On the individual level, there’s even some evidence to suggest that outsourcing our thinking to AI models leads to loss of competence over time, as we forget how to think for ourselves. An effect that persists when going back to manual work after having used an AI for a related task. Other have noticed similar things, some even going so far so to compare generative AI to digital cocaine.

Finding a balance

Given those pretty monumental harms, and the kinda “meh” benefits to be gotten from this technology, I don’t think it’s even a difficult choice. I got into this field, and free software in particular, to create technology that is under the control of users, not technology that is used to control them. Even though there’s been an effort to create an open source AI definition (which is in itself controversial), the current crop of LLMs all seem to be based on proprietary models and systems that lock people in, while disproportionally harming people who are already on the receiving end of many of the world’s ills.

Sure, if LLMs were completely free to operate and create, didn’t concentrate power in the hands of a few corporations, and didn’t lead to torrents of misinformation and reduced our cognitive ability, they would be… kinda neat toys? But while we’re wishing for things that don’t exist, can I have a unicorn too, please?

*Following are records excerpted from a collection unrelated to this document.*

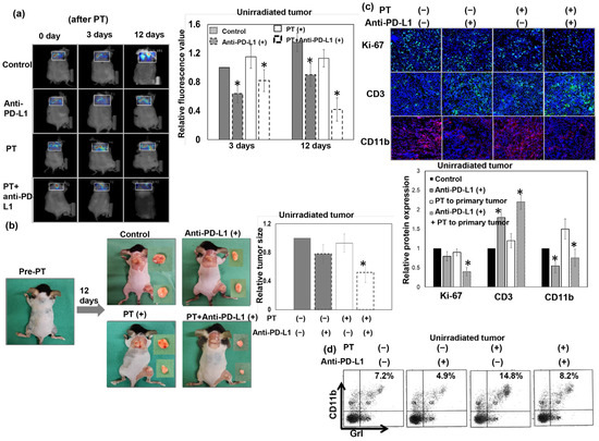 Radiation has been reported to induce abscopal effects on distant, untreated cancer sites that are amplified by the use of immunomodulating drugs [32,33,34]. Accordingly, we further examined the abscopal effect induced by PT on liver tumors and the impact of combined treatment with the anti-PD-L1 antibody. As shown in Figure 7a,b and Supplementary Figure S1, application of local PT to the tumor alone induced smaller tumors with lower glucose metabolism in irradiated tumors over the right thigh, but showed no significant tumor inhibition on the secondary unirradiated tumors in the upper back, compared with the sham-RT group. Combined treatment with the anti-PD-L1 antibody immediately after PT enhanced the tumoricidal effect in the PT-irradiated field and resulted in the regression of secondary tumors outside of the irradiated field. Analysis of tumor-infiltrating immune cells showed that anti-PD-L1 attenuated MDSC recruitment, increased CD3+ TILs, and decreased cell proliferation in unirradiated tumors (Figure 7c,d) of mice that received local PT to primary tumors. These results suggest that anti-PD-L1 enhanced the antitumor immune response and augmented the abscopal effect in immunocompetent hosts following local PT irradiation.
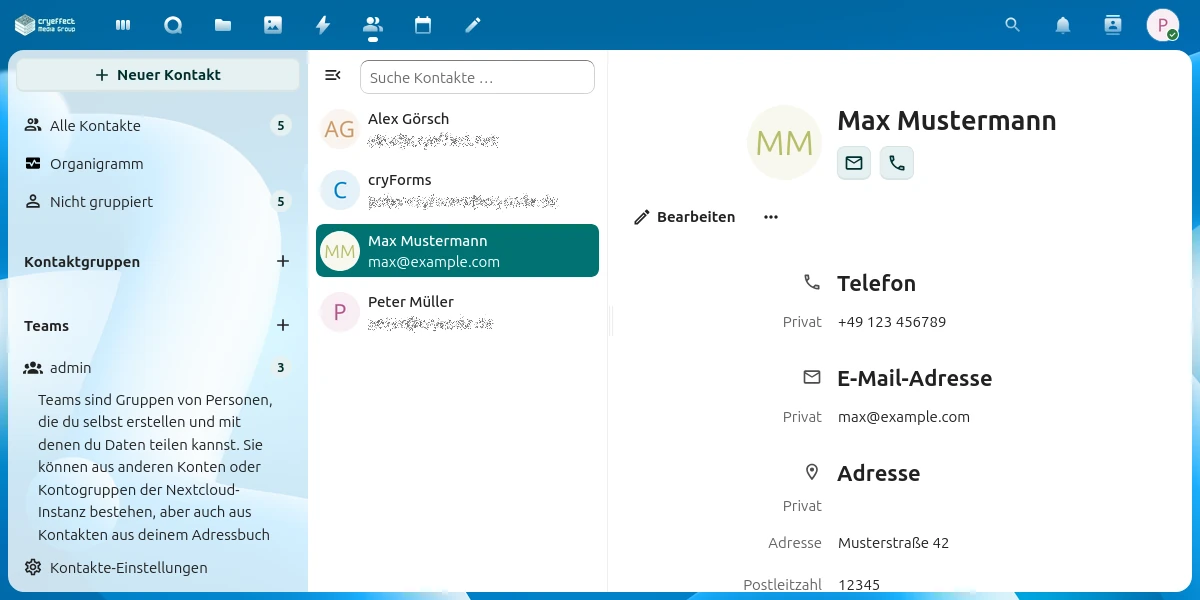 Manage contacts centrally without sharing them with big tech companies. Your contacts remain truly yours.
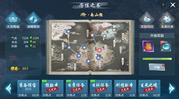 【历练】-通过完成历练任务;增加升级值可获得丰富的元石及额外奖励。
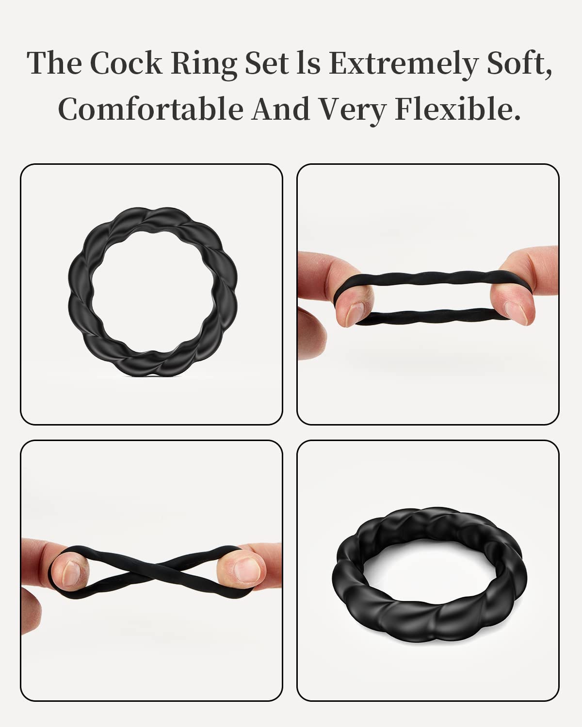 Silicone Penis Ring Set, Cock Rings for Sex Men Erectiom Ring / Premium Stretch Longer Harder Stronger Erection Soft Silicone Penis Ring Cock Ring Set for Men Or Couples
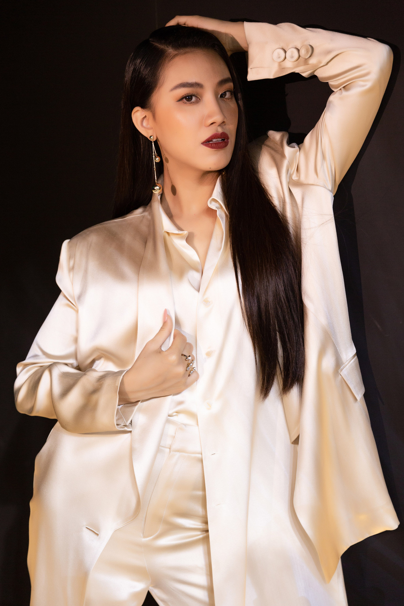 Á hậu Kim Duyên diện suit lụa phong cách menswear cá tính.
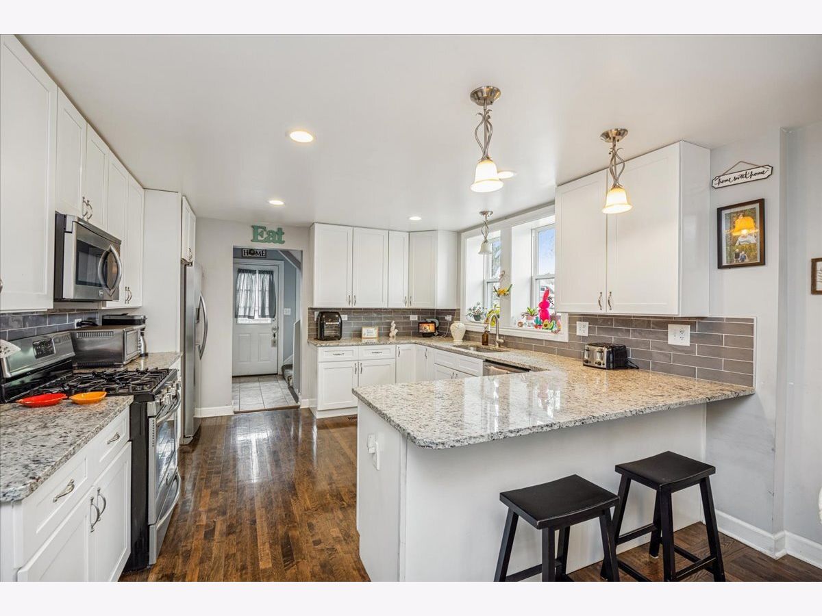 This is one you do not want to miss! Open concept bungalow with beautiful kitchen featuring stainless steel appliances, artisan backsplash, granite counters, gleaming hardwood floors, peninsula with seating, opens up to dining room which leads into living room. All you've ever wanted in one home! 2 bedrooms and full bath on main level. Heading upstairs, master suite with it's own living room! Very versatile, can be office or huge walk in closet, nursery, dressing room etc. Full bath as well with double sinks and shower. Everything you need to relax, in one space after a long day. Basement, finished for rec room/ family room etc. Two additional rooms in lower level currently being used as bedrooms. Full bath as well in lower level, perfect for teenagers or related living, guest quarters etc. Nothing is missing from this wonderfully decorated corner brick bungalow in south Berwyn. Min from I55 and 290. Walk to bus, metra, dining, grocery etc. Completely ready to move in! Nothing to do here! Last but not least, fenced in yard for kids/ dogs/ entertaining!
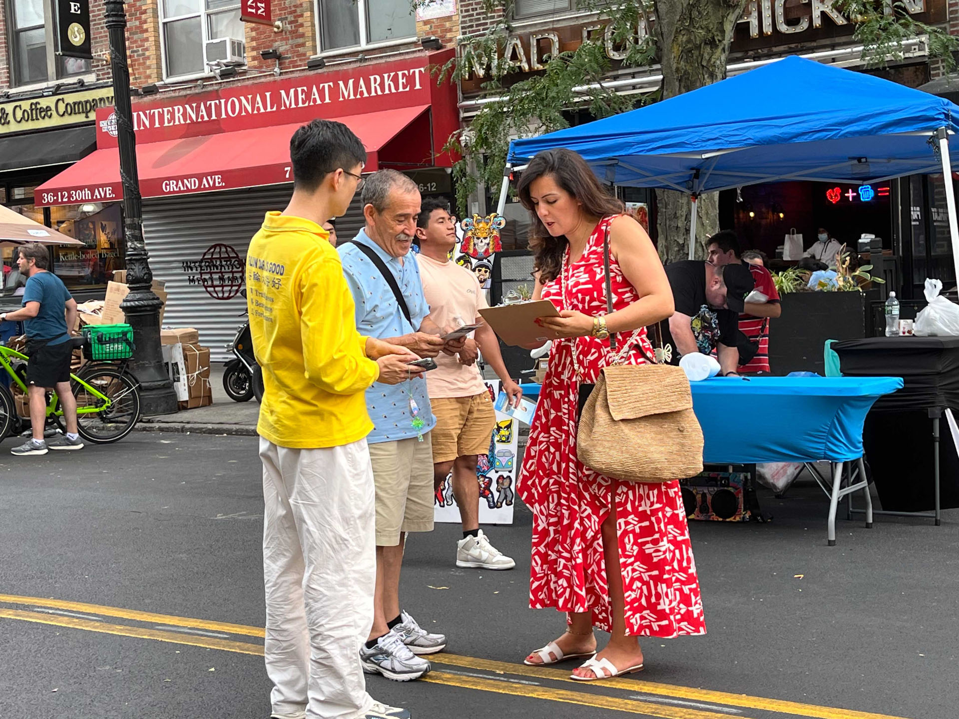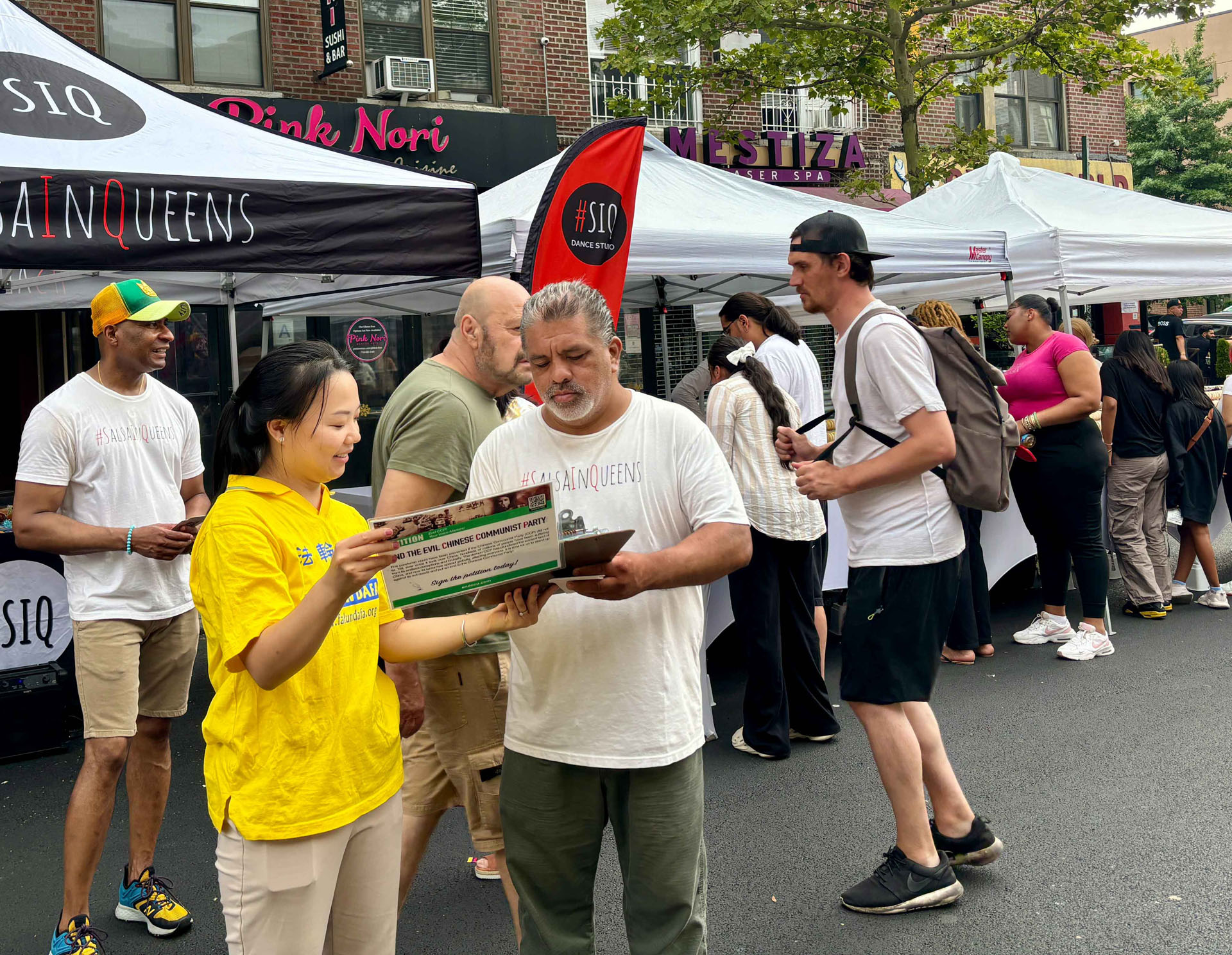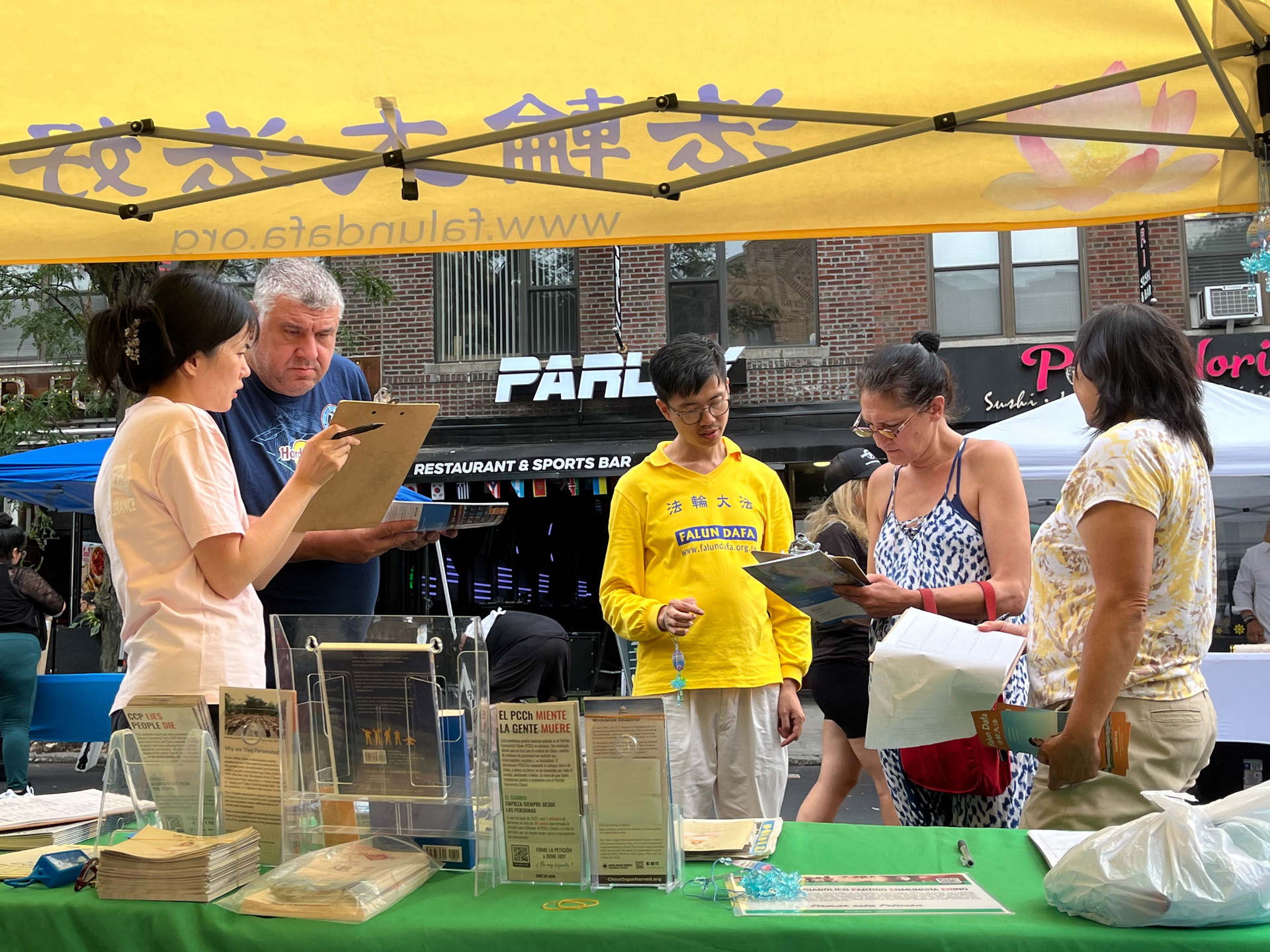过了一会儿后巴基思带来了她的妈妈和弟弟,他们也分别在支持《法轮功保护法案》上签字,并在九天学法教功班报名表上填写了自己的信息。学员也把learnfalungong.com的网站发给了她。巴基思还说希望明年的街市还能看到你们!谢谢你们!

I guess that once the dust settles, we’ll see which uses of the technology actually turn out to be useful enough to stick around once they are no longer subsidised by vast buckets of venture capital. And I look forward to the time when we can once again get back to asking “what is the best tool for this job”, and not the backwards “how can we solve this problem with AI” that seems to be the current modus operandi of the tech world.

In the meantime, I just hope that we won’t have boiled the planet, or drowned our society in misinformation and deepfakes before the bubble pops.